In the West, yoga is typically associated with hatha yoga which is practiced in studios and gyms around the world using a technique that includes breath control and various stretching poses to develop a sense of calm and physical well-being. The word yoga has several meanings. One definition is “a means to unite, join or connect with the destination.” Yoga can also be described as "control or mastery of something.” A third meaning is “topic” or subject matter. Each of the chapters of the Bhagavad Gita is traditionally titled in Sanskrit using a compound word that includes yoga, so that, for example, the fifth chapter is called Sannyasa-yoga or “The chapter on the topic of renunciation.”
Vedanta defines spiritual life as two stages: there’s a stage of action (yoga) for doers, and a stage of knowledge(jñana) for inquirers.
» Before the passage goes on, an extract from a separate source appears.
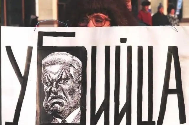 Женщина держит плакат с карикатурой на президента России Бориса Ельцина, во время демонстрации коммунистов против военных действий в Чечне. 8 января 1995 года.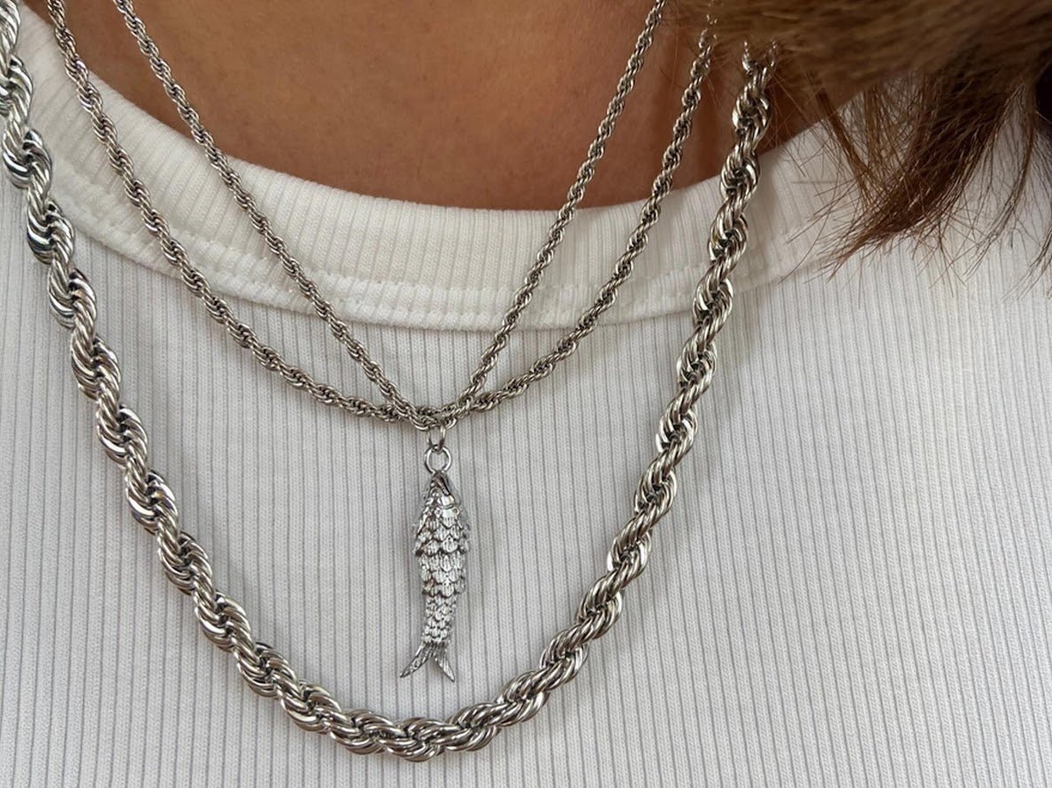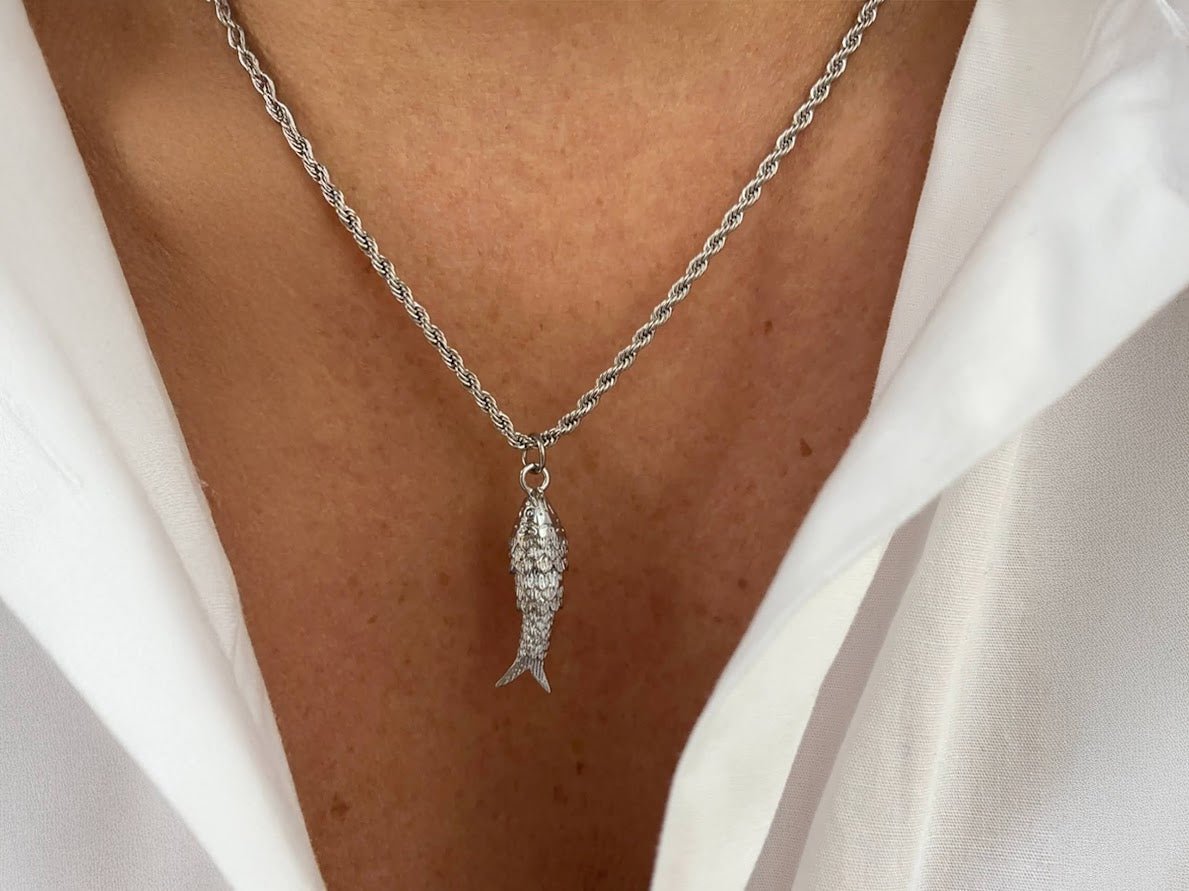 Made of silver plated over stainless steel, this necklace features a small fish charm on a rope chain that's 16" with a 2" extension chain. Fish symbolize abundance, prosperity, and good luck.

The former is a preparation for the latter. Thus, all seekers begin looking for freedom as doers. The first stage helps to purify the mind and make it introverted. Each yoga or discipline mentioned in the Gita has its particular purifying function. For example, karma yoga helps manage the ego, dhyana yoga helps cultivate focus, and bhakti yoga helps center emotion.
Yoga, as various spiritual practices, is said to eventually lead the individual to experience oneness with the Self. Shankaracharya, an early proponent of Advaita Vedanta, redefined it as complete absorption in the thought, "I am awareness and not the body-mind" (see Aparokshanubhuti by Shankaracharya).